*** Block opens ***

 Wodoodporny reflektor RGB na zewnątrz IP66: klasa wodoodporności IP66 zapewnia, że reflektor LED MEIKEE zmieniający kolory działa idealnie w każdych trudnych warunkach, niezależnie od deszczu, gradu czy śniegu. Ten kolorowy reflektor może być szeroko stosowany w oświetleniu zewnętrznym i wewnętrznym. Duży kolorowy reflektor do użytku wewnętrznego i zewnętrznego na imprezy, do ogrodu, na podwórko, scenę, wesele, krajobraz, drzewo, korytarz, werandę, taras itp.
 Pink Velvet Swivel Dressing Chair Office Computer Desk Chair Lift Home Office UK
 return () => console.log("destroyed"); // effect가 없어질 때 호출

*** Block closes ***
*** Block opens ***

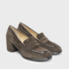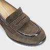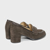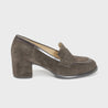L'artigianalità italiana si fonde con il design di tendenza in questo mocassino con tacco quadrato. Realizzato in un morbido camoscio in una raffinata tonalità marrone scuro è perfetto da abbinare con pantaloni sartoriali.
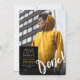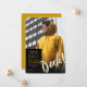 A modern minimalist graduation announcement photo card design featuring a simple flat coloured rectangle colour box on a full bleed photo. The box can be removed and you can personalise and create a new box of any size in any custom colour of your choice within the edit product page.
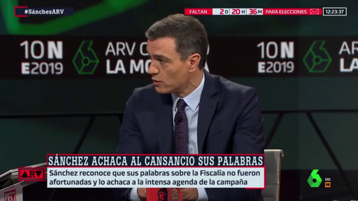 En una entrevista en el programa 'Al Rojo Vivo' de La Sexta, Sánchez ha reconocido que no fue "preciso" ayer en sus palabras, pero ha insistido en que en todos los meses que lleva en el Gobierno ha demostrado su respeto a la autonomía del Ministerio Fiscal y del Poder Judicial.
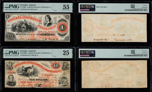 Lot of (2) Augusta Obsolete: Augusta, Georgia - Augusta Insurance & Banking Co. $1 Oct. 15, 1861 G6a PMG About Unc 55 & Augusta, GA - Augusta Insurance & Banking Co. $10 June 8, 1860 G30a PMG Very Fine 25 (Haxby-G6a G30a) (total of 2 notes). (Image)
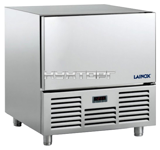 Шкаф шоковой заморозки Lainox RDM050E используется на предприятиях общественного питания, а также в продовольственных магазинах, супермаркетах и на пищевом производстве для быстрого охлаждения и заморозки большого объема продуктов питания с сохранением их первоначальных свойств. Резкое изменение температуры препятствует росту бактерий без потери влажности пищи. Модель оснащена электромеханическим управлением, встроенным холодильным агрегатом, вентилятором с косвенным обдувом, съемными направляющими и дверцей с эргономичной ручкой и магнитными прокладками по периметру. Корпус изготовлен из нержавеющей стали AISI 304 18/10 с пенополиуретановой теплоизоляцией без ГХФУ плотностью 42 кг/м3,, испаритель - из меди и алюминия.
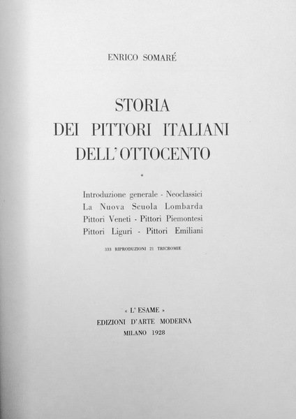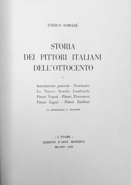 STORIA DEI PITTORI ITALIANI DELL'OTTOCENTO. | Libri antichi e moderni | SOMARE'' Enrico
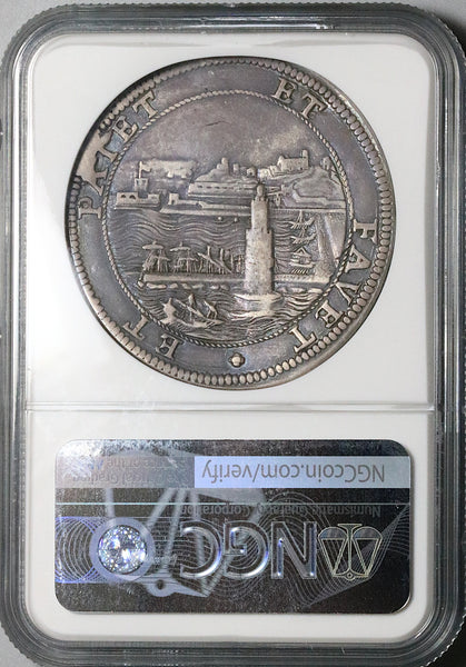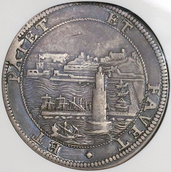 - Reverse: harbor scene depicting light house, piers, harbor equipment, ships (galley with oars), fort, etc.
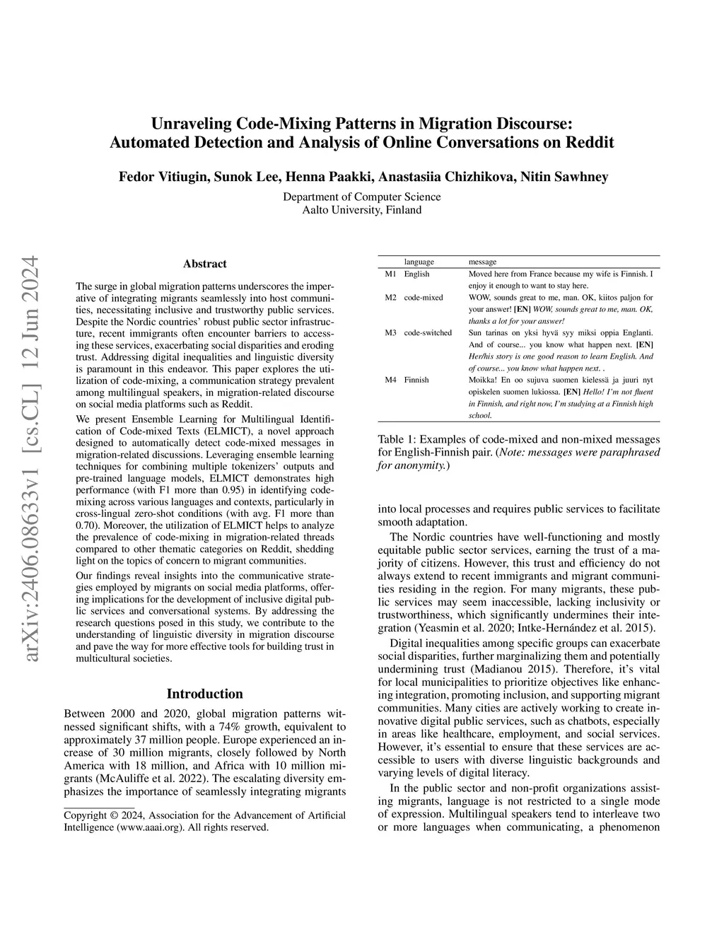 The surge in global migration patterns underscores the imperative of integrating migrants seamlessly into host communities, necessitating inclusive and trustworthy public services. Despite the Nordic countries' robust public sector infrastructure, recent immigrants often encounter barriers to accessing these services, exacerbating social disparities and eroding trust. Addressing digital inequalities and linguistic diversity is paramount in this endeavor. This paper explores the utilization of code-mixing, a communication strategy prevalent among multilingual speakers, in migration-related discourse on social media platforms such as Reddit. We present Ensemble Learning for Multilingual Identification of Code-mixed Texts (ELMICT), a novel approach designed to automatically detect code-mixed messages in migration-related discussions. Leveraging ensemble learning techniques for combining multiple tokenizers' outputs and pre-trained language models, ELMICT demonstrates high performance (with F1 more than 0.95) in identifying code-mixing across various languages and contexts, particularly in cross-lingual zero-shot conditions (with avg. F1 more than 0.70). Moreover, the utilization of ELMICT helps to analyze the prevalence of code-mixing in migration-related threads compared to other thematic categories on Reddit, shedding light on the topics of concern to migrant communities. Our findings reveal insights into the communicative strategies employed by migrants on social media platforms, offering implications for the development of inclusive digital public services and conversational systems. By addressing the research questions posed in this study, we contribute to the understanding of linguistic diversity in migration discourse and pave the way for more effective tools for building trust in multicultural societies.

*** Block closes ***
*** Block opens ***

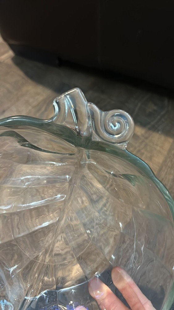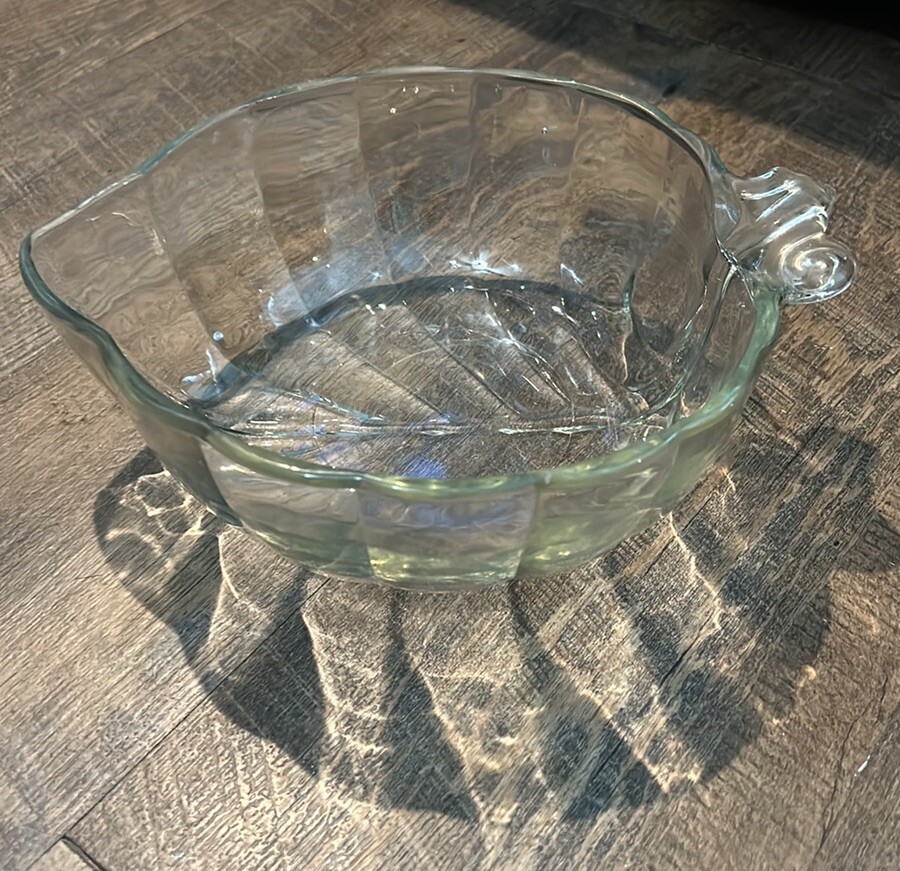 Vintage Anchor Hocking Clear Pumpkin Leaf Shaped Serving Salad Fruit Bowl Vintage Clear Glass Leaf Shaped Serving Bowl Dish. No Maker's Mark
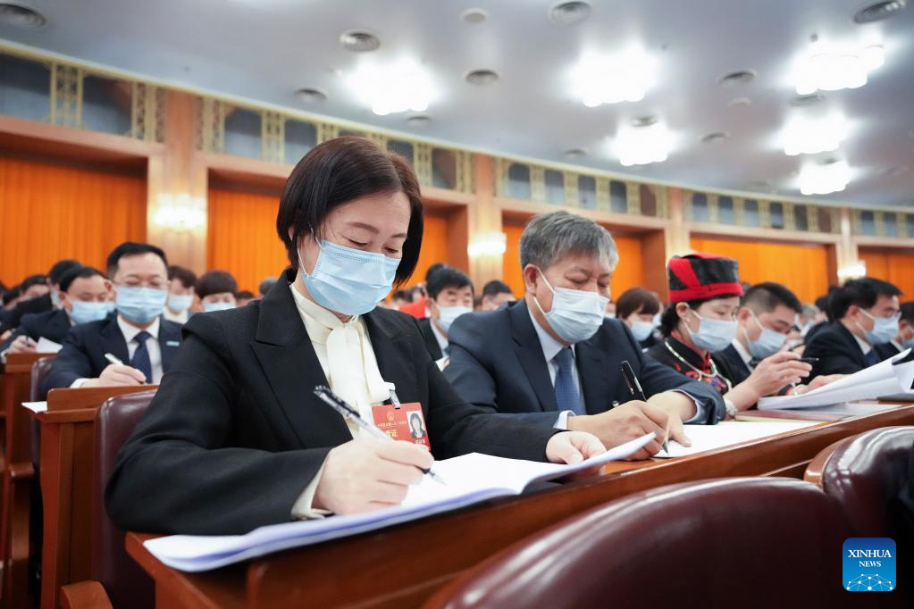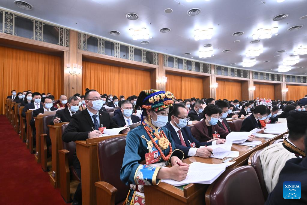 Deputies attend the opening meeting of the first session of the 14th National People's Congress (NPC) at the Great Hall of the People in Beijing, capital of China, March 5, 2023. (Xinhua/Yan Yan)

*** Block closes ***

_WHAT IS NEEDED_.
Output exactly the lines above that lie between the line with "Lot of (2) Augusta" and the line with "STORIA DEI PITTORI", those two lines included, and no pictures.

_YOUR SOLUTION_.
 Lot of (2) Augusta Obsolete: Augusta, Georgia - Augusta Insurance & Banking Co. $1 Oct. 15, 1861 G6a PMG About Unc 55 & Augusta, GA - Augusta Insurance & Banking Co. $10 June 8, 1860 G30a PMG Very Fine 25 (Haxby-G6a G30a) (total of 2 notes). (Image)
 Шкаф шоковой заморозки Lainox RDM050E используется на предприятиях общественного питания, а также в продовольственных магазинах, супермаркетах и на пищевом производстве для быстрого охлаждения и заморозки большого объема продуктов питания с сохранением их первоначальных свойств. Резкое изменение температуры препятствует росту бактерий без потери влажности пищи. Модель оснащена электромеханическим управлением, встроенным холодильным агрегатом, вентилятором с косвенным обдувом, съемными направляющими и дверцей с эргономичной ручкой и магнитными прокладками по периметру. Корпус изготовлен из нержавеющей стали AISI 304 18/10 с пенополиуретановой теплоизоляцией без ГХФУ плотностью 42 кг/м3,, испаритель - из меди и алюминия.
 STORIA DEI PITTORI ITALIANI DELL'OTTOCENTO. | Libri antichi e moderni | SOMARE'' Enrico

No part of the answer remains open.